I was able to reproduce the O(n^2)-behavior here. For the general implementation, the O(n^2) behavior persists even when I remove support for "forcing-extent", i.e. when I remove the parameterization of "current-forcing-extent".

Marc

Marc Nieper-Wißkirchen <xxxxxx@nieper-wisskirchen.de> schrieb am Fr., 6. Okt. 2017 um 14:36 Uhr:
Shiro,

thank you very much for your helpful comment. I think you analysis is correct. The current implementation (of the optional procedure "forcing-extent") yields a blow-up of the dynamic extents involved, which is not acceptable.

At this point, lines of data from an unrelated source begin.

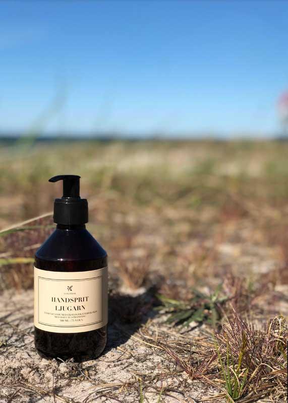 The hand sanitizer from Gotland, Sweden, contains organic essential oil and thus does not dry out the hands as other hand alcohol can do.
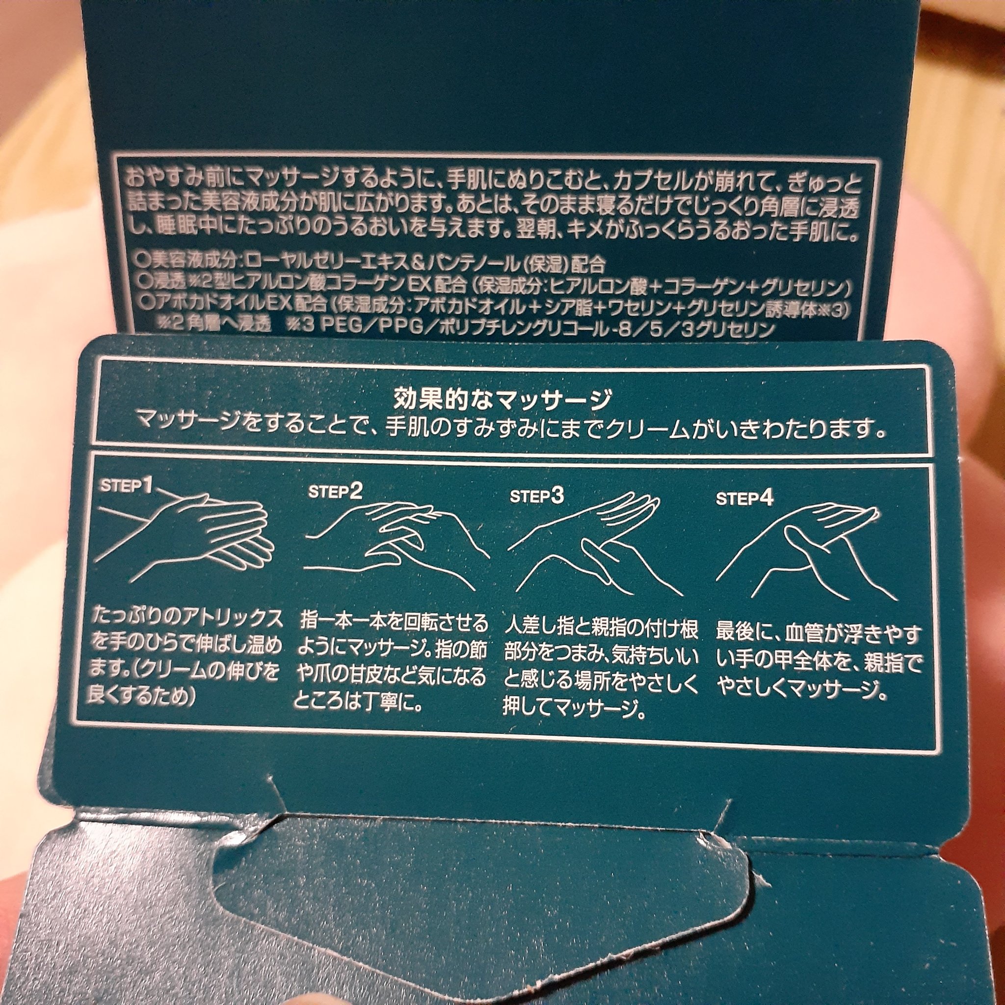 - こっくり濃厚なクリームに、たっぷりの美容液成分がぎゅっと詰まったカプセルを配合。 おやすみ前にマッサージするように手肌にぬりこむと、カプセルが崩れて美容液成分※1が肌に広がります。 夜美容で、寝ている間にじっくり角層に浸透、翌朝ふっくらうるおったハリのある手肌に。 さらに気になる爪・指先までうるおって美しく。ドリーミーアロマの香り。 ※1ローヤルゼリーエキス&パンテノール(保湿成分)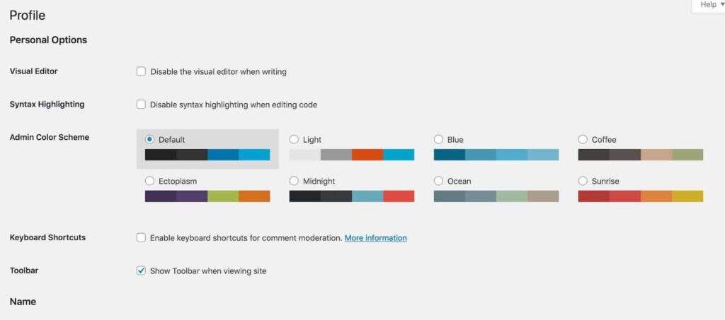 在WordPress中,转到用户> 个人资料以访问您的个人资料页面。

I am currently investigating how the sample implementation can be repaired. This should be resolved before SRFI 154 and SRFI 155 are finalized.

Marc


Shiro Kawai <xxxxxx@gmail.com> schrieb am So., 1. Okt. 2017 um 16:20 Uhr:
I've ported srfi-154 and srfi-155 reference implementations to Gauche and played with it to see performance implications, and noticed a peculiar behavior.  It might be something I'm doing wrong.

I use these infinite stream of integers and taking first n elements from it:

(define srfi-155-integers
  (let next ((n 0))
    (delay (cons n (next (+ n 1))))))

(define (xtake stream n)
  (let loop ((s stream) (r '()) (n n))
    (if (= n 0)
      (reverse r)
      (loop (cdr (force s))
            (cons (car (force s)) r)
            (- n 1)))))

While running with various n with fresh streams, I noticed it was taking O(n^2) time.

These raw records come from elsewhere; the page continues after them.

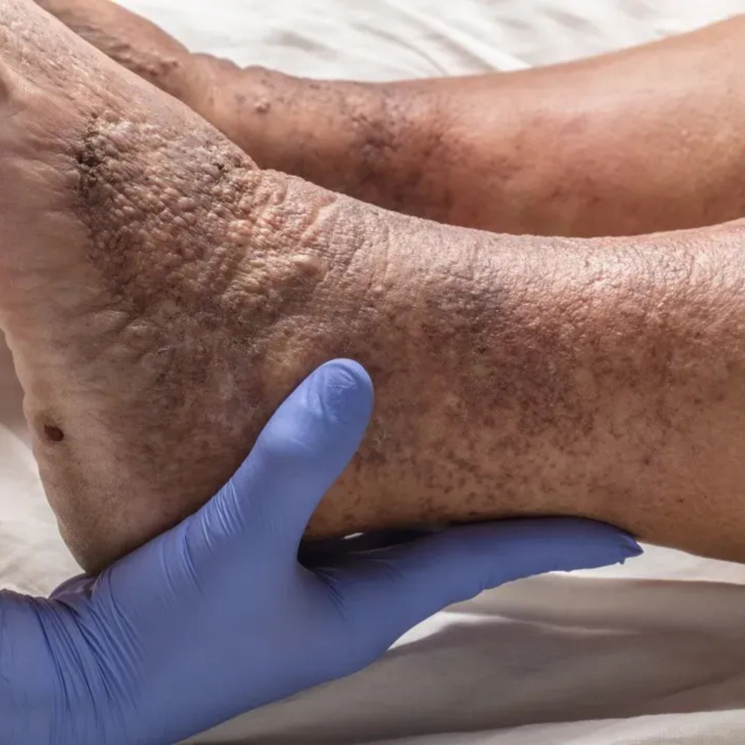 • Skin changes and ulceration in advanced cases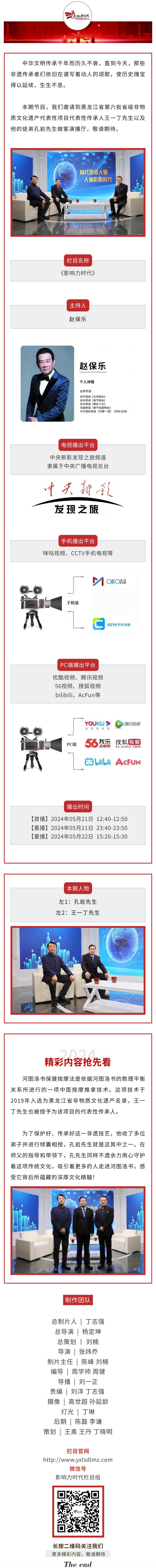节目预告—《时代影响力》栏目组特约受访 24/06/03 16:25:06 中华文明传承千年而历久不衰,直到今天,那些非遗传承者们依旧在谱写着动人的颂歌,使历史瑰宝得以延续,生生不息。 本期节目,我们邀请到黑龙江省第六批省级非物质文化遗产代表性项目代表性传承人王一丁先生以及他的徒弟孔岩先生做客演播厅,敬请期待。 非遗传承,自愈人生——海运仓社区养老驿站公益课堂 探秘非遗绽放精彩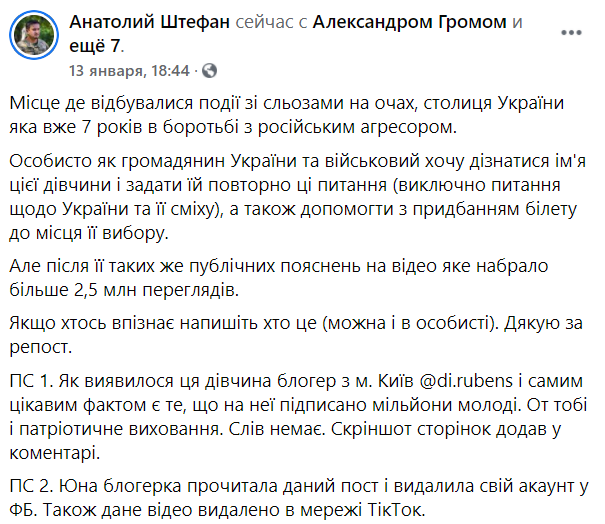 "Место, где происходили события со слезами на глазах, столица Украины, которая уже 7 лет борется с российским агрессором. Как гражданин Украины и военный хочу узнать имя этой девочки и задать ей повторно эти вопросы (исключительно касающиеся Украины и ее смеха), а также помочь с приобретением билета до места ее выбора", - написал Штефан и почему-то опубликовал обрезанный ролик, который к тому моменту уже был удален блогерами.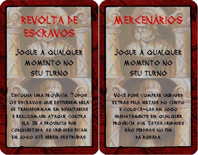 Amostra de cartas de províncias para serem usadas com as regras variantes COTE Generais. O arquivo print and play pode ser encontrado aqui: https://www.ludopedia.com.br/jogo/conquest-of-the-empire/anexos/99489 Conquest of the Empire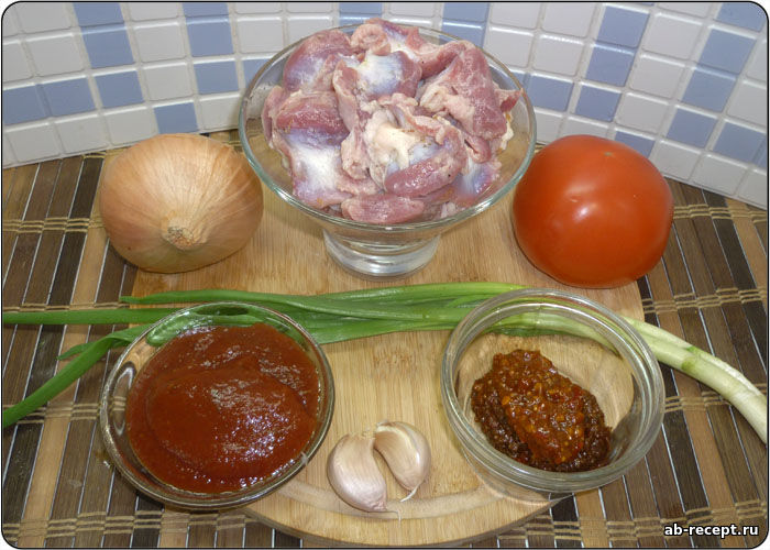 2. В сковороду наливаем подсолнечное масло и стакан воды, добавляем желудки, томатный соус, аджику и соль. Для того, чтобы мясо стало нежным и сочным, будем его тушить на среднем огне 40 минут, добавляя немного воды при испарении.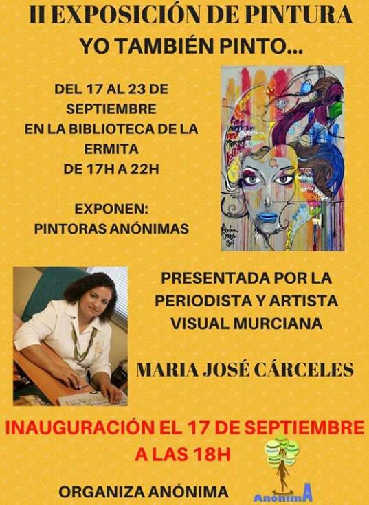La exposición, en la que se pueden ver obras de las siguientes autoras: Carmen Hernández, Laura Carrillo, Antonia Garrido, María Luisa Rocamora, Maribel Tornero, Ofelia Velandrino, Gloria Villalba, Isabel Algueron, y Águeda Carrillo, se podrá visitar en horario de tarde: de 17:00 a 22:00.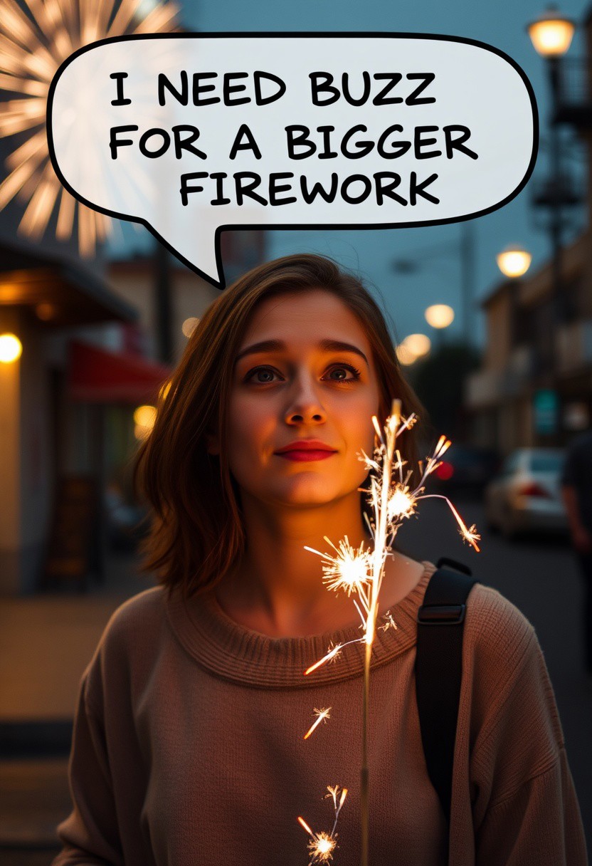25 years old female, lightning small crackers, speak bubble above her head that says "I NEED BUZZ FOR A BIGGER FIREWORK", street, small fireworks,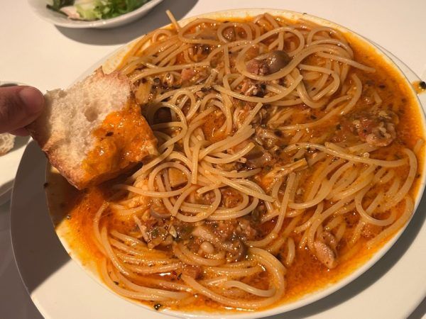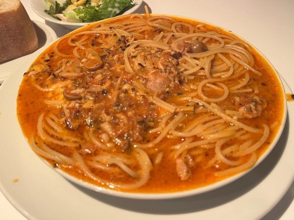 単品のメニューもありますが、ランチタイムには、バケット・サラダ・シャーベットがついたお得なセットもあり、お昼に行かれる場合はランチセットもオススメです。 どのスパゲッティも美味しいのですが、私は今回お店の名物でもある「絶望のスパゲッティ」を注文しました。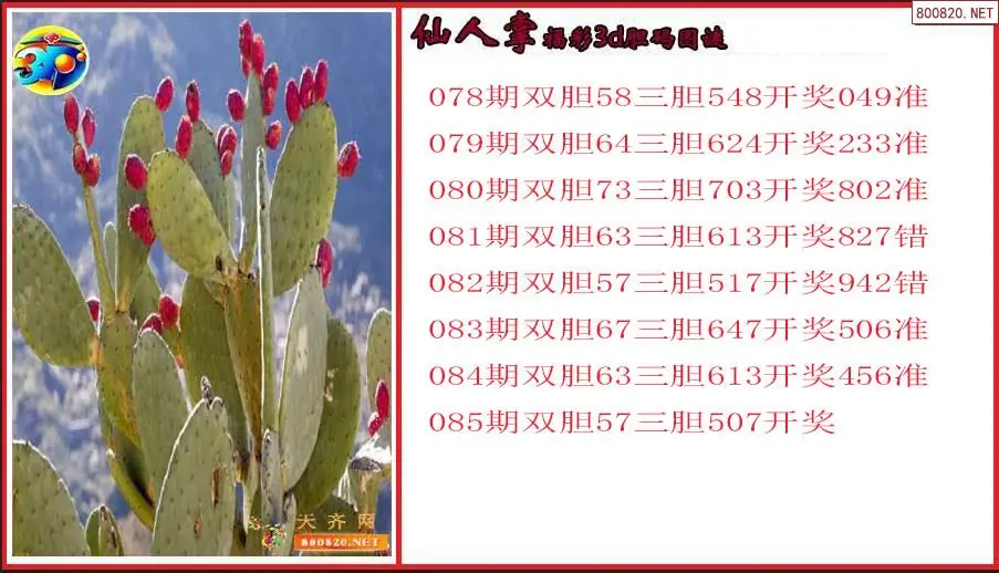 仙人掌2026085期福彩3d胆码图谜(原创)

After some digging, I see the cause.

(delay (cons n (next (+ n 1))))

is expanded to:

(let ((dynamic-extent (current-dynamic-extent)))
  (scheme-delay
     (let ((forcing-extent (current-dynamic-extent)))
       (with-dynamic-extent dynamic-extent
          (lambda ()
             (parameterize ((current-forcing-extent forcing-extent))
                 (cons n (next (+ n 1)))))))))

When it is forced, the inner expression (cons n (next (+ n 1))) is evaluated with the dynamic extent
which is the extent 'delay' is evaluated *plus* the extent added by parameterizing current-forcing-extent.  The call to next calls delay again, which captures this enhanced dynamic extent.

When the new promise is evaluated, the dynamic extent is further extended by yet another parameterization of current-forcing-extent, and so on.

Since the calls of force in xtake happens outside of those extended dynamic extent, every force executes before and after thunks of parameterization of current-forcing-extent, which gets longer as the stream unfolded.